With the images removed, transcribe the listing that follows exactly.

EXERCISE DATA:
•••

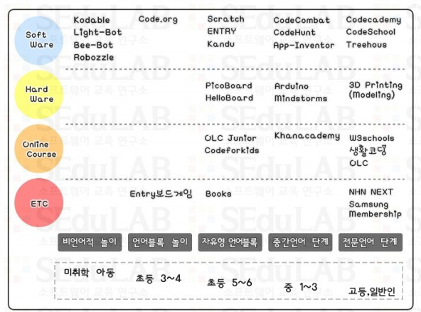 - 스크래치(Scratch) : 아이들도 그림 블록을 끌어다 놓기만 하면 코딩 원리를 배울 수 있는 도구입니다.
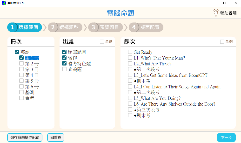 軟體名稱: 114學年上學期 國中命題光碟 康軒版 1-3年級 英文(108課綱)
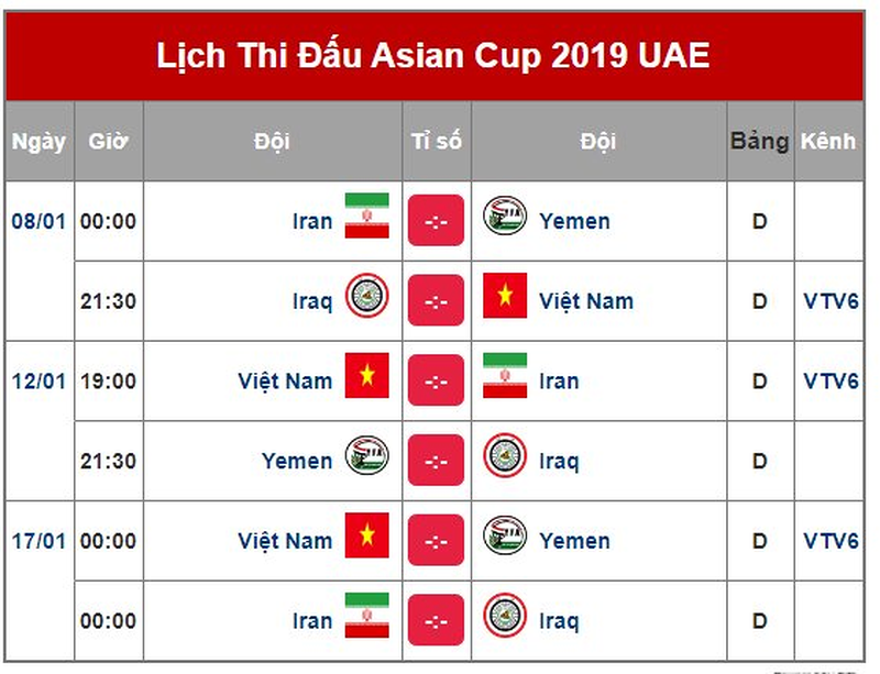 Lịch thi đấu Asian Cup 2019 của đội tuyển Việt Nam:

•••

RESPONSE:
 - 스크래치(Scratch) : 아이들도 그림 블록을 끌어다 놓기만 하면 코딩 원리를 배울 수 있는 도구입니다.
 軟體名稱: 114學年上學期 國中命題光碟 康軒版 1-3年級 英文(108課綱)
 Lịch thi đấu Asian Cup 2019 của đội tuyển Việt Nam:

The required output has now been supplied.